* [Dataset section]:
····················
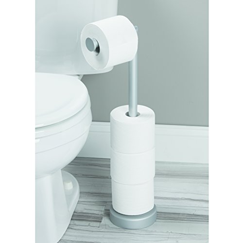 InterDesign Metro Rustproof Aluminum Free Standing Toilet Paper Roll Holder for Bathroom - Silver
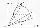 解析 分别过abcd四个点作出等压变化线,如下图所示: 故在V-T图像中,倾角越大,压强越小,所以Pa
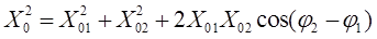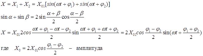 При φ1 – φ2 = 2к π , (к = 0,1,2,…) Х0 = 2Х01 – колебания усиливаются.
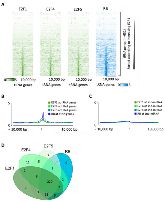 E2F1 is expressed primarily in proliferating cells and does not accumulate in quiescent cells, where E2F4 and E2F5 are the most abundant members of the E2F family [12]. If tDNA occupancy by RB in quiescent cells (Figure 3) is also mediated by E2F, then E2F4 and/or E2F5 are likely to substitute for E2F1. The encyclopedia of DNA elements (ENCODE) contains ChIP-seq datasets for RB, E2F1, E2F4 and E2F5 in the erythroid cell line K562 (available at www.encodeproject.org/), which reveal that each of these proteins can be found at many tDNAs (Figure 7A,B). Comparable enrichment is not detected at the majority of miRNA and snoRNA genes (Figure 7C). There is substantial overlap between the tDNAs bound by these four proteins (Figure 7D). This is also evident from Figure 7A, where the tDNAs are sorted in each heatmap according to the strength of E2F1 binding; it is evident that the orders of binding of E2F4, E2F5 and RB closely follow that of E2F1. Under these conditions, ~30% of tDNAs are occupied above threshold by at least one of the three E2F family members tested and binding by RB is detected at 87% of these. Of the 266 tDNAs that recruit RB above threshold under these conditions, ~97% bind one or more of E2F1, E2F4 and E2F5. These data suggest that E2F may be primarily responsible for the association of RB with tRNA genes, although alternative recruitment mechanisms are also likely in at least some cases.
····················
* [How to complete this task]:
With the pictures removed, set down the entire listing exactly.

* [Task solution]:
 InterDesign Metro Rustproof Aluminum Free Standing Toilet Paper Roll Holder for Bathroom - Silver
 解析 分别过abcd四个点作出等压变化线,如下图所示: 故在V-T图像中,倾角越大,压强越小,所以Pa
 При φ1 – φ2 = 2к π , (к = 0,1,2,…) Х0 = 2Х01 – колебания усиливаются.
 E2F1 is expressed primarily in proliferating cells and does not accumulate in quiescent cells, where E2F4 and E2F5 are the most abundant members of the E2F family [12]. If tDNA occupancy by RB in quiescent cells (Figure 3) is also mediated by E2F, then E2F4 and/or E2F5 are likely to substitute for E2F1. The encyclopedia of DNA elements (ENCODE) contains ChIP-seq datasets for RB, E2F1, E2F4 and E2F5 in the erythroid cell line K562 (available at www.encodeproject.org/), which reveal that each of these proteins can be found at many tDNAs (Figure 7A,B). Comparable enrichment is not detected at the majority of miRNA and snoRNA genes (Figure 7C). There is substantial overlap between the tDNAs bound by these four proteins (Figure 7D). This is also evident from Figure 7A, where the tDNAs are sorted in each heatmap according to the strength of E2F1 binding; it is evident that the orders of binding of E2F4, E2F5 and RB closely follow that of E2F1. Under these conditions, ~30% of tDNAs are occupied above threshold by at least one of the three E2F family members tested and binding by RB is detected at 87% of these. Of the 266 tDNAs that recruit RB above threshold under these conditions, ~97% bind one or more of E2F1, E2F4 and E2F5. These data suggest that E2F may be primarily responsible for the association of RB with tRNA genes, although alternative recruitment mechanisms are also likely in at least some cases.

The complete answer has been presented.